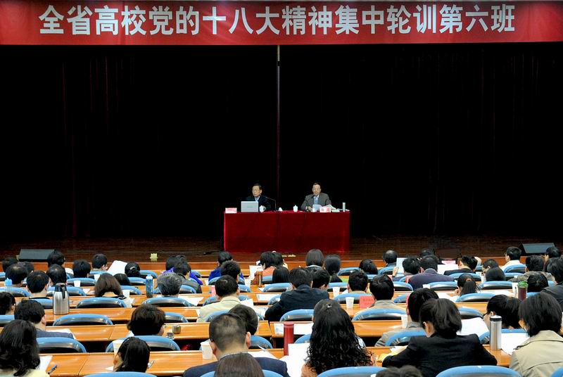 全省高校党的十八大精神集训第六班在我校下沙校区科技馆开班
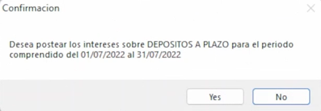 Es importante mencionar que este posteo debe realizarse con los 30 días calculados para que el sistema permita realizarlo, es decir, hacerlo en el último día del mes.
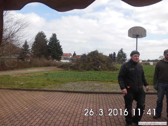 Fast alle Kameraden sind dabei um das Osterfeuer vorzubereiten. Es ist wie ein Ameisenhaufen u. die Arbeit geht gut voran.
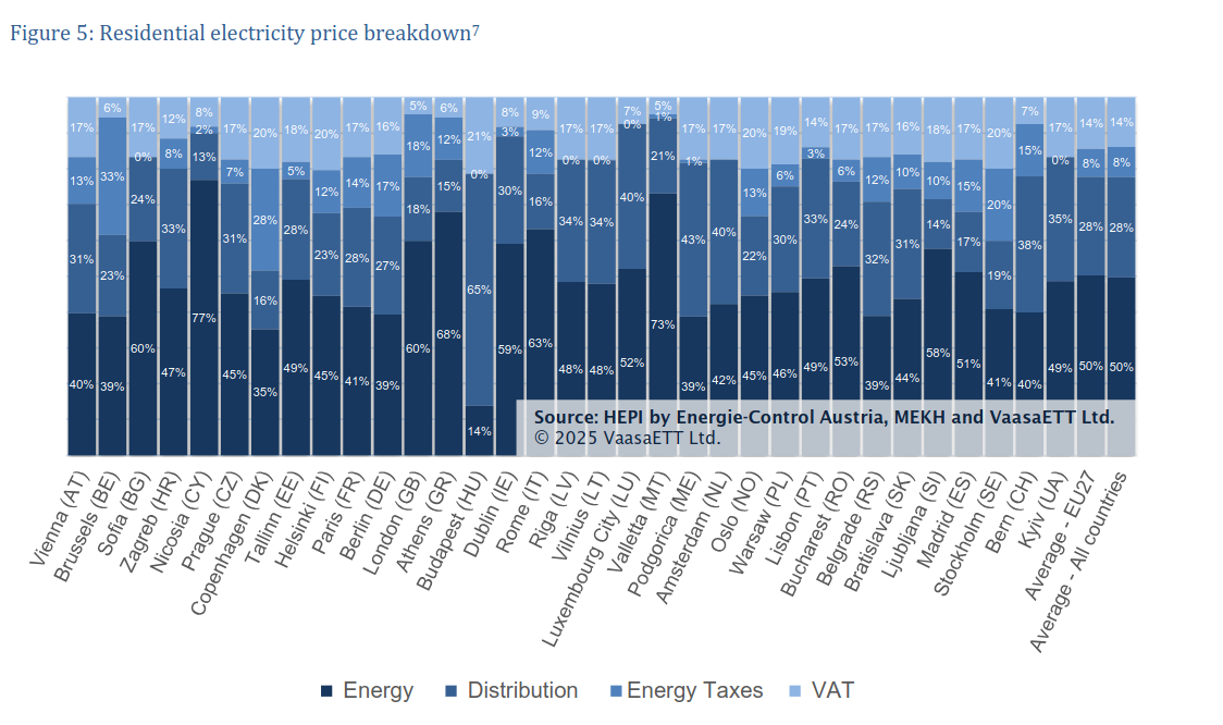 - Στη Βουδαπέστη, αντίθετα, η ενέργεια αποτελούσε μόλις το 14% του κόστους, με τα τέλη διανομής να φθάνουν το 65% και τον ΦΠΑ το 21%.
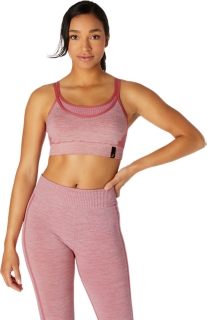 Functional for various yoga and fitness routines, the REVERSIBLE SEAMLESS BRA is designed with a compressive fabric that's comfortable and moisture-wicking. It's reversible construction is made with a double-layer that allows you to customize your look while offering excellent range of motion. Minimal seams are complemented by a recycled polyester yarn material that provides a soft hand feel and excellent comfort. Additionally, this bra has removable pads that make it easy to switch up the look and feel.
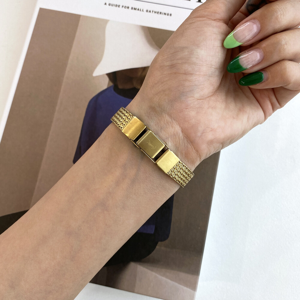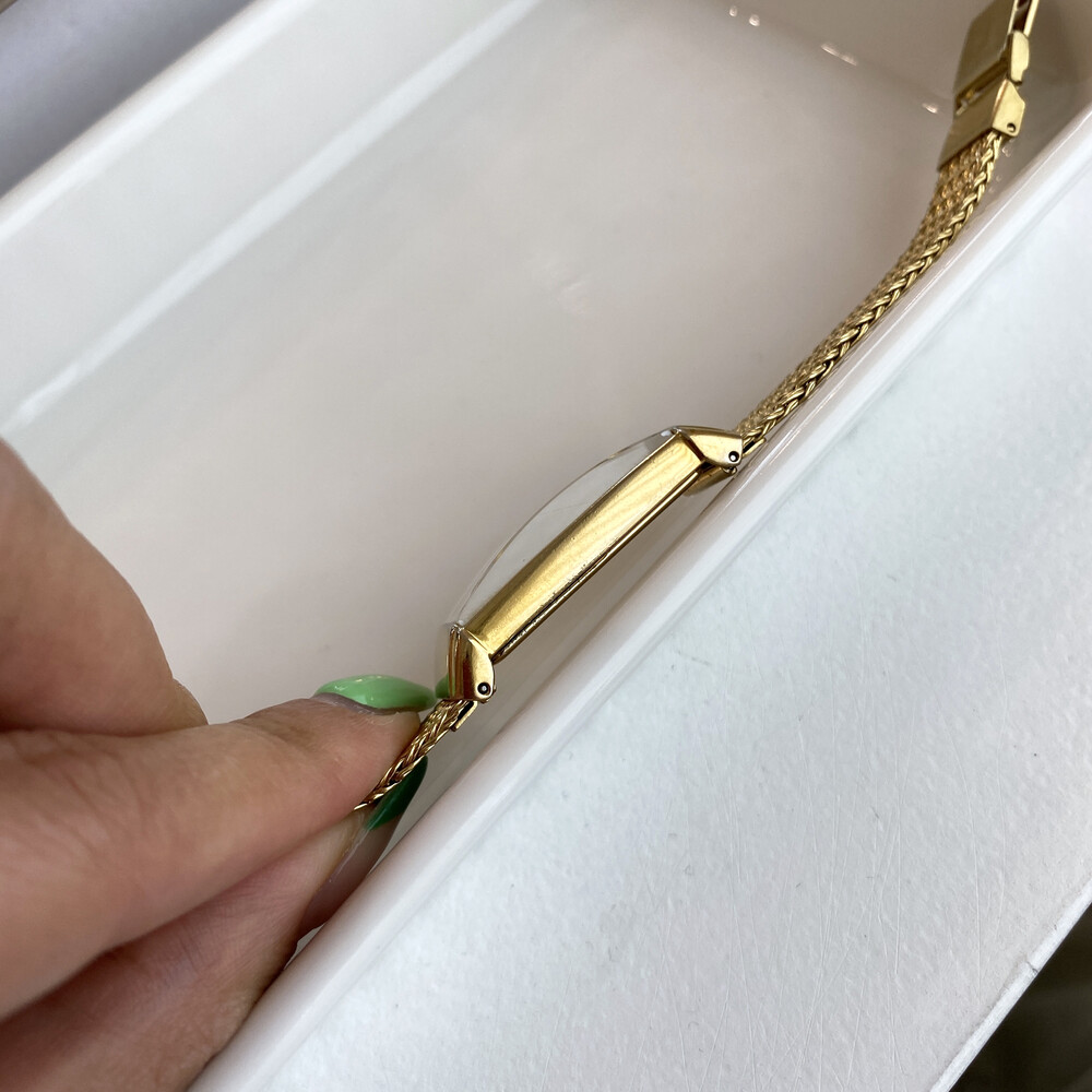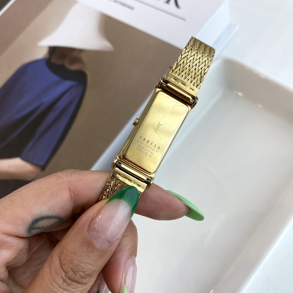 여성용으로 제작된 생로랑 시계이며 쿼츠 무브먼트로 제작되었습니다.
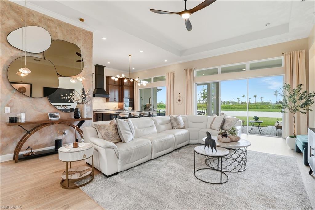Welcome to 15445 Turin Drive, an exceptional 2,941-square-foot residence in the highly sought- after Esplanade by the Islands. Showcasing the desirable Lincoln floor plan — no longer offered by the developer — this home perfectly blends elegant design, modern comfort, and the relaxed Naples lifestyle. Step inside to discover an open-concept layout with soaring 12-foot ceilings, rising to 13 feet within one of five beautifully detailed tray ceilings thoughtfully placed throughout the home. Expansive eight-foot sliders invite natural light into the living areas, highlighting the home’s spacious and sophisticated design. At the heart of the home, the gourmet kitchen features built-in appliances, a large island with two-sided storage, quartz countertops, and a custom hand-painted backsplash. Additional features include an undermount single-bowl sink, walk-in pantry, and an extra-large butler’s pantry, providing abundant storage and prep space. The dining room includes a built-in bar or buffet, ideal for entertaining, while crown molding throughout the main living areas adds a refined touch. The owner’s suite is a true retreat with two walk-in closets and an ensuite bathroom featuring dual sinks and an extra-large shower with tile extending to the ceiling. Each guest bathroom also features floor-to-ceiling tile for a consistent touch of luxury. The study offers flexibility — ideal as a home office, media space, or flex room. Additional highlights include impact glass on the front of the home and pool bath, energy- efficient windows, smart home technology, and pre-wiring for Vitek. Outdoor living is equally impressive, with an extended covered patio designed to capture stunning sunsets over the peaceful lake. A gas line rough-in on the privacy wall allows for a custom outdoor kitchen, and there’s ample room to design your own pool. The three-car side- load garage completes this extraordinary home. Experience refined Florida living in Esplanade by the Islands, where luxury, comfort, and lifestyle come together seamlessly.
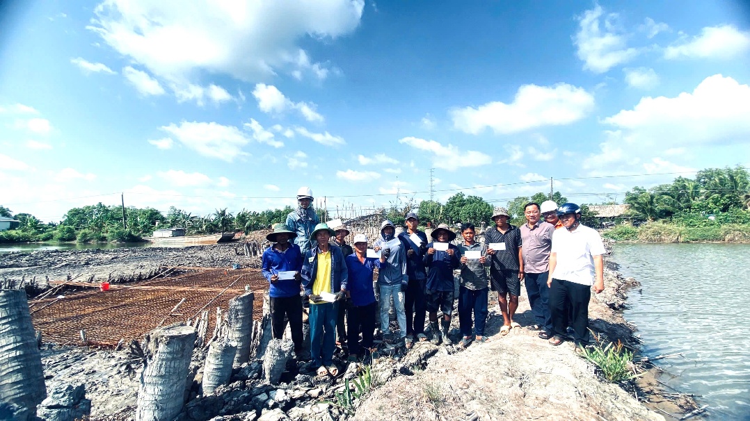 Lãnh đạo Công ty Điện lực Cà Mau tặng quà động viên người lao động thi công trong ngày đầu tiên của năm 2025 tại Công trình “Xuất tuyến 4 mạch đường dây 110kV Trạm 220kV Năm Căn”.  (ảnh: Minh Chánh)
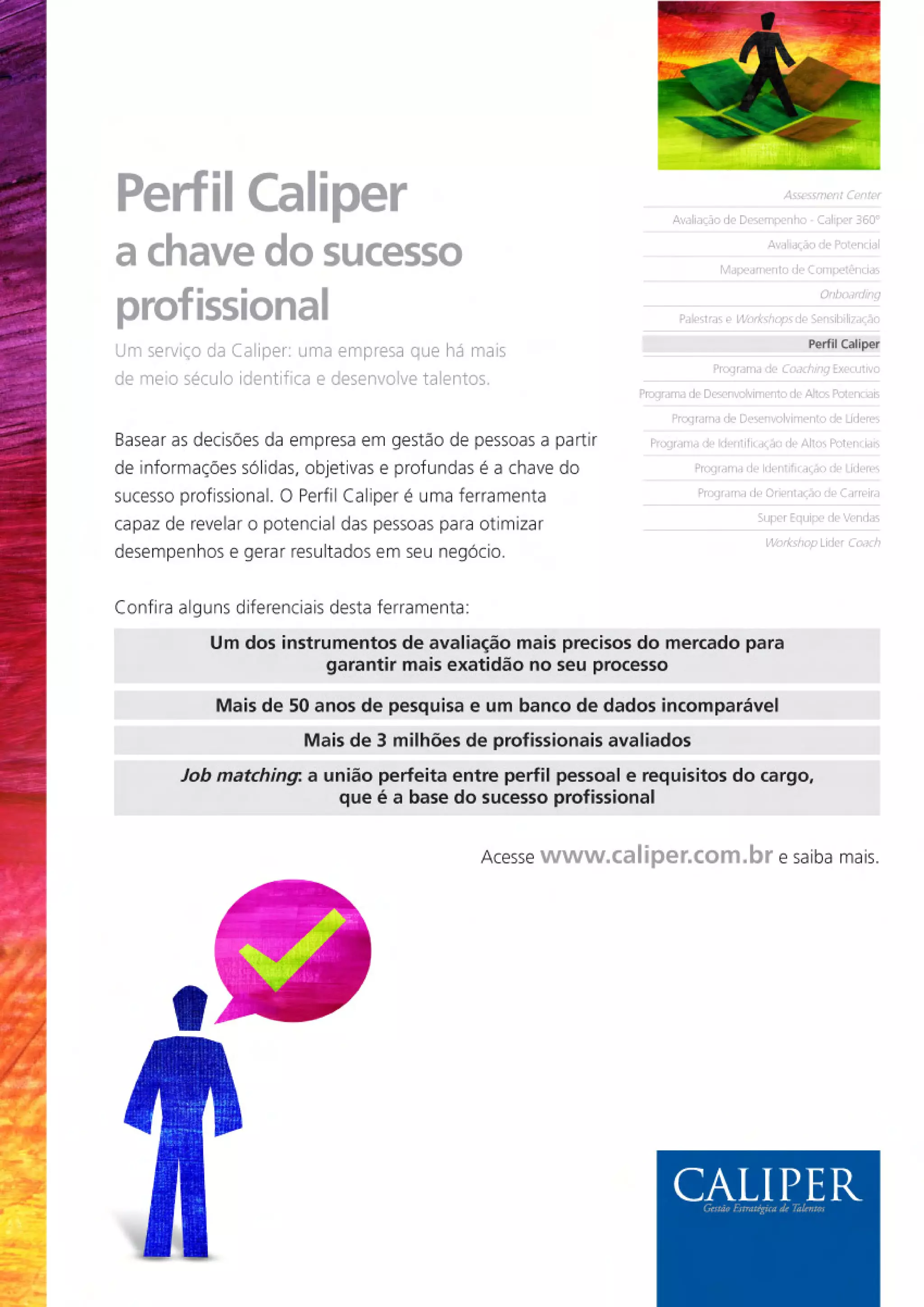 Perfil Caliper: a chave do sucesso profissional Um serviço da Caliper, uma empresa que há mais de meio século identifica e desenvolve talentos. Fale com a Caliper: (41) 3075-3400 e (11) (21) (51) (71) 4062-1450 www.caliper.com.br

..........

> Your task: Exactly reproduce the lines above, starting at the one that contains "Fast alle Kameraden" and ending at the one that contains "- Στη Βουδαπέστη, αντίθετα, η", both inclusive; leave the pictures out and add no other lines.

> Answer box:
 Fast alle Kameraden sind dabei um das Osterfeuer vorzubereiten. Es ist wie ein Ameisenhaufen u. die Arbeit geht gut voran.
 - Στη Βουδαπέστη, αντίθετα, η ενέργεια αποτελούσε μόλις το 14% του κόστους, με τα τέλη διανομής να φθάνουν το 65% και τον ΦΠΑ το 21%.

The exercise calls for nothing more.